Being "inspired" is a good thing. Being inspired and acting upon it is better. Being inspired, acting upon it and crediting your inspiration is the best. Suresh Varma, the director of Swamy Ra Ra, openly claims he lifts from every movie he likes, and lists two other people who do it - Ramgopal Varma and Quentin Tarantino.
Swamy Ra Ra draws heavily from Delhi Belly
and Kshana Kshanam, and has action and shots inspired from all Tarantino movies. The result is a slick product that has a run time of little over two hours, thanks largely to a few hundred slo-mo shots that the director includes.
The film's plot is about an idol that is stolen from the Anantha Padmanabha Swamy temple in Kerala. The idol changes several hands, and perchance lands in the hands of Surya (Nikhil), a small-time pickpocket, and his cohorts.
Surya and his gang sell it off to Salarjung Shankar (Jeeva) for a paltry sum. A criminal, Durga Prasad (Ravi Babu), is also after the idol.
Durga Prasad kidnaps Swathi, and Surya is now forced to retrieve the idol, which that has passed into the hands of a couple of Nigerians. This plot and a few other crazy subplots constitute the story of Swamy Ra Ra.
As confusing as it sounds, Swamy Ra Ra is narrated with utmost clarity. The film has several subplots, all of which are brought to a good conclusion. The screenplay is tightly knit, and the story is interestingly narrated. The way the film takes off with a seemingly unrelated incident that is then cleverly woven into the film at a crucial time shows that the director knew what he was doing and was in complete command of the script he wrote.
The film is well-shot, and the Hyderabad that all of us know is shown wonderfully - from the crowded by-lanes of the Old City to the multi-storied edifices of the Financial District, the city provides a great backdrop.
The songs and background score by Sunny MR have a new ring to them. The songs also play out nicely in the background and help take the story forward leaving us with little to complain.

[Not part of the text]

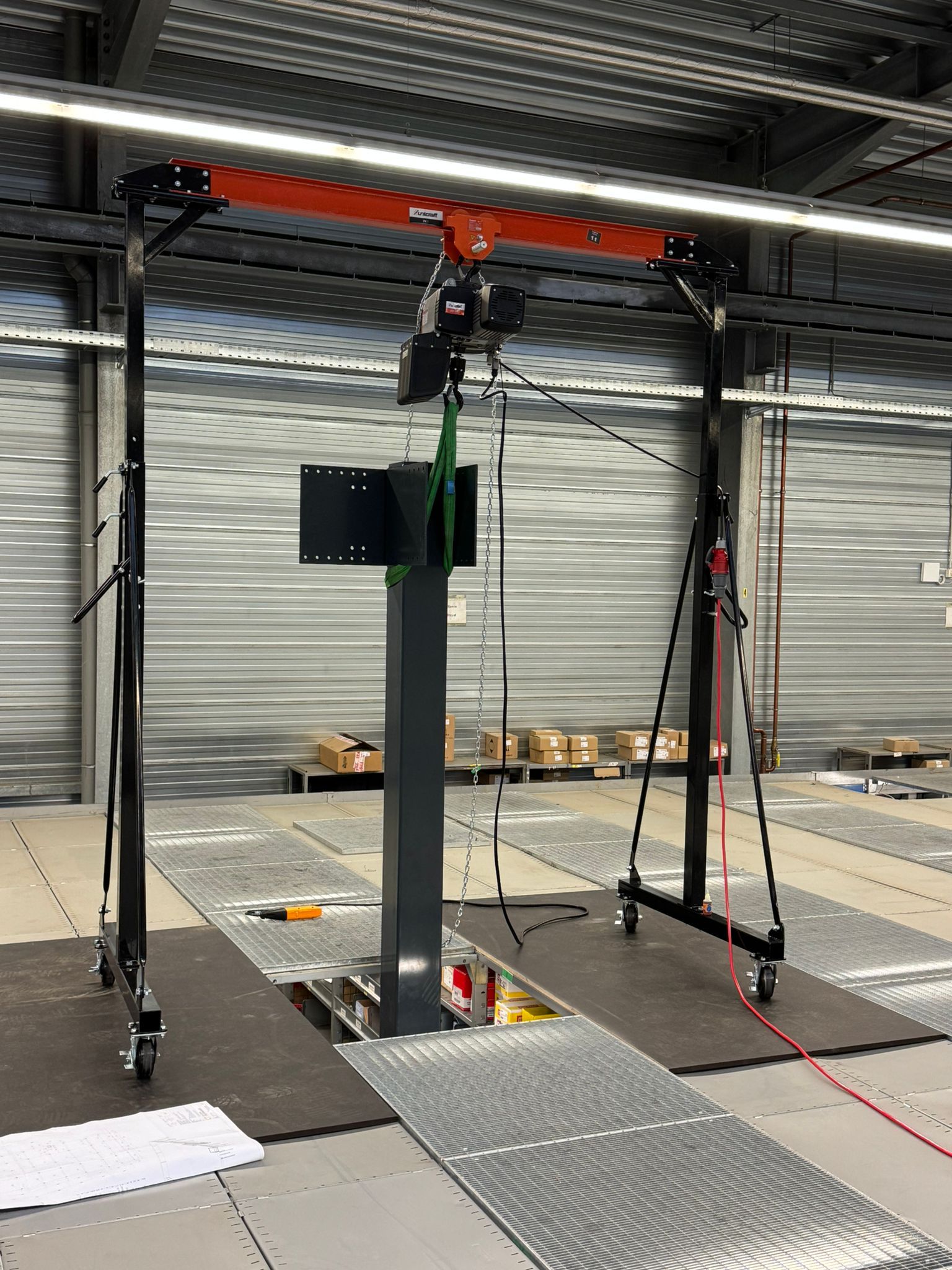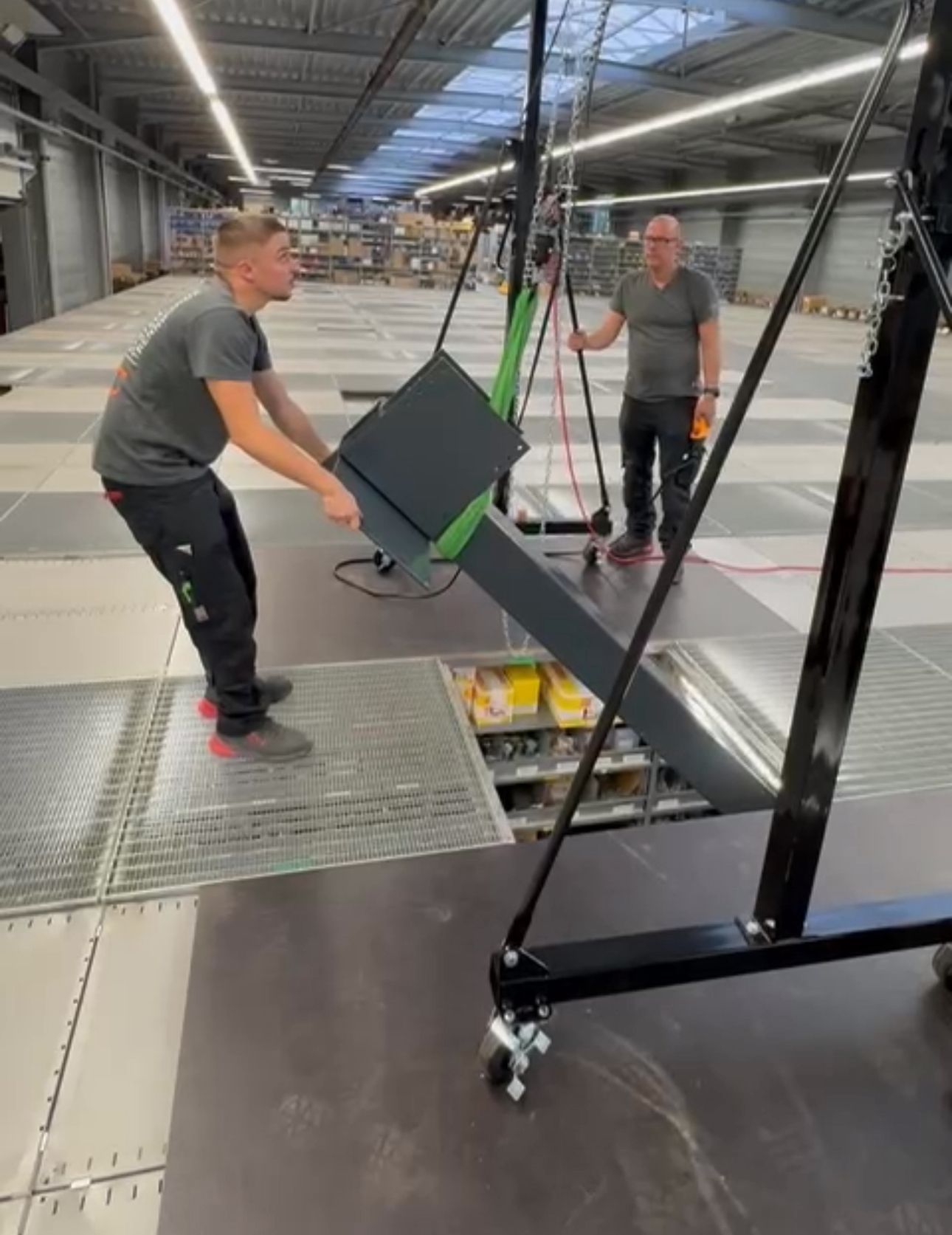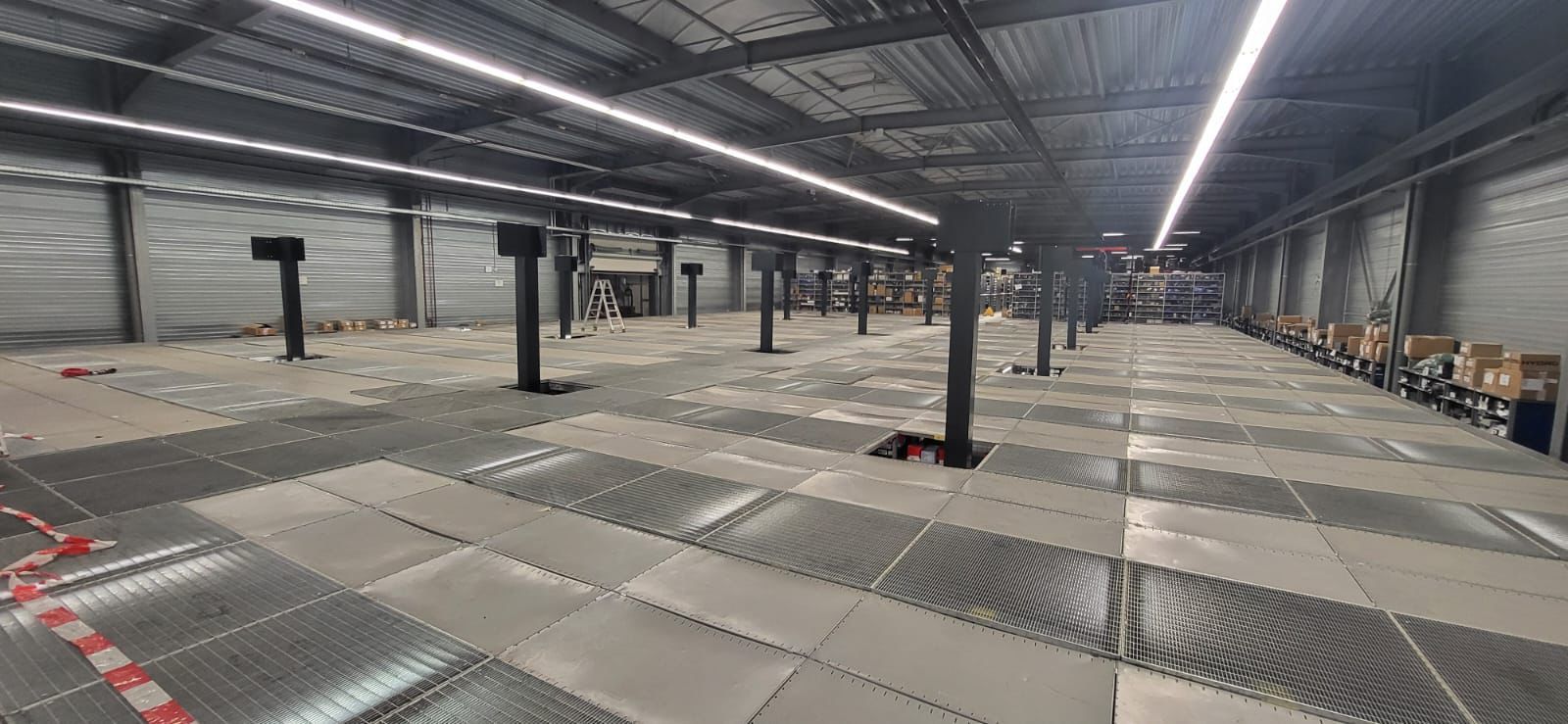 Für ein Großprojekt haben wir die 1.000 m² Profielnorm-Stahlbühne angeliefert. Da untertags unter der ersten Ebene gearbeitet wird, bleibt nur die Nacht, um die Stützen zu stellen – und unser Team packt es an!

Nikhil goes for a makeover, and moves away from the loud mass characters that he has had little success with since Happy Days
. He does well in a subdued character. He does look too sophisticated to be a pickpocket, but the director probably wanted to convey the fact that pickpockets need not look any different from the rest of us.
Swathi is, well, Swathi. She does little different from what she has done earlier. Ravi Babu, Jeeva and the other supporting cast, including Pooja Ramachandran, Chanti and the Jogi brothers are all good fun.
The only flaws of the film are its slightly leisurely pacing that makes the two hours seem much longer, and the director's pre-occupation with style, which contributes to a few scenes being stretched beyond belief. The beautiful chase sequence from Bejoy Nambiar's Shaitan
is copied in the film, but it is not set against an eternal classic like Khoya Khoya Chand, and just passes muster.
Swamy Ra Ra is a decent one-time watch for its fresh approach to an inspired story, some cool visuals and a peppy score. So, if you are done seeing the original Tarantino flick, give this inspired piece of cinema a chance.